Избранные статьи - Григорий Дашевский
Шрифт:
Интервал:
Закладка:
А вот Докинз – носитель здравого смысла – рассуждает о жертвоприношении Авраама: Авраам «уже занес над сыном жертвенный нож, когда ангел, театрально появившись в последний момент, сообщил ему о перемене плана: бог, оказывается, просто шутил, „проверяя“ Авраама и крепость его веры. Современному поборнику нравственности остается только гадать, сумеет ли ребенок когда-нибудь оправиться от такой психологической травмы». Мы понимаем, что Докинз видит в Библии то же самое, что и его главные враги – американские христиане-фундаменталисты, – то есть набор претендующих на фактическую достоверность рассказов и непосредственных нравственных образцов. Просто фундаменталисты (о глупости и жестокости которых в книге рассказано много смешного и страшного) из этого понимания Библии выводят, что Земля возникла шесть тысяч лет назад и что гомосексуалистов надо убивать, а Докинз делает вывод, что Библия – книга лживая и аморальная.

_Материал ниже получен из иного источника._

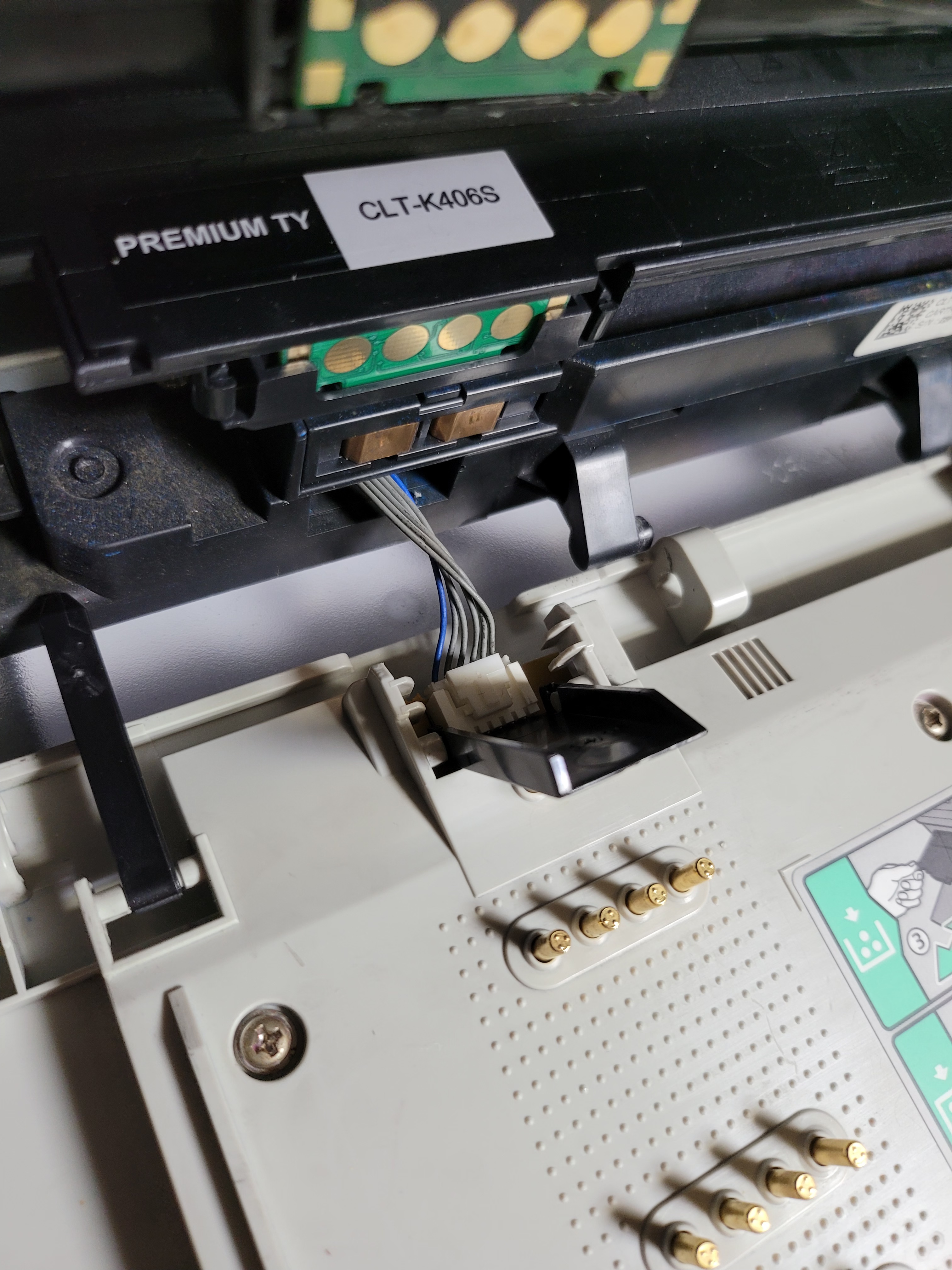 저 4핀은 VCC SDA SCL GND 즉 I2C 통신인데, 이게 실제 토너와 통신하는 건 아니고 단순히 정품인증 칩입니다. 즉 없어도 되는걸 굳이 저기다 달아놓은 거죠.. 토너 잔량을 체크한다는 변명이 있지만 그거 역시 소프트웨어로 수행하는데 전혀 문제가 없는 동작이구요.
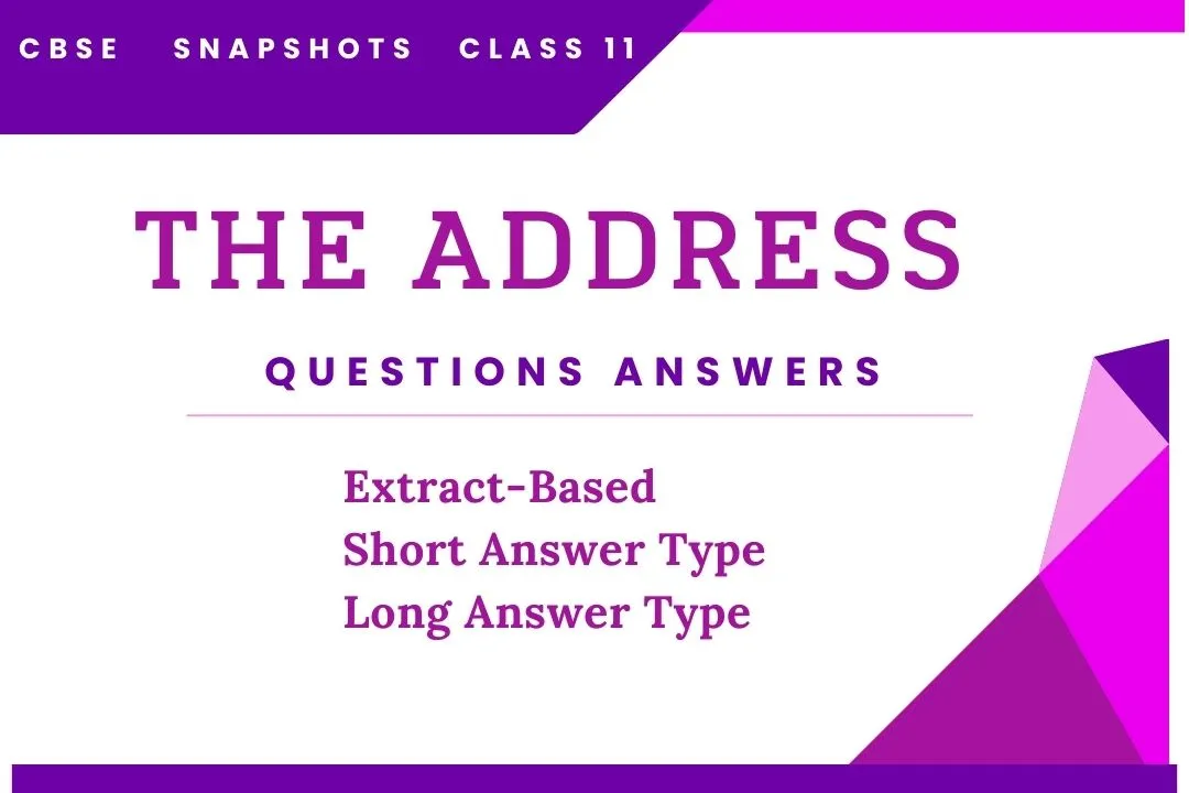 The Address Questions Answers Class 11 NCERT English Snapshot (2025–2026) are explained in simple, easy-to-understand language. These answers cover all important themes, values, and character insights from the chapter. Ideal for CBSE Class 11 students, these solutions help in revision, exam preparation, and gaining a deeper understanding of the story as per the latest syllabus and marking scheme. Perfect resource for quick learning and scoring better in English exams.
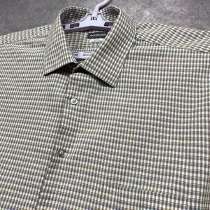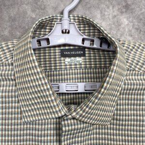Van Heusen Shirt Mens 18 34/35 Plaid Big Fit Wrinkle Free Button Up Long Sleeve

В самом начале книги Докинз предлагает читателю «вместе с Джоном Ленноном» представить мир без религии – и рисует этот воображаемый прекрасный мир так: «не было террористов-самоубийц, взрывов 11 сентября в Нью-Йорке, взрывов 7 июля в Лондоне, Крестовых походов, охоты на ведьм» и т. п. И действительно: без религии всего бы этого не было – просто потому, что без нее не было бы ни человеческих обществ вообще, ни того самого современного общества, с его наукой и гуманностью, плодами христианской цивилизации, к которому принадлежат и сам Докинз, и его читатели.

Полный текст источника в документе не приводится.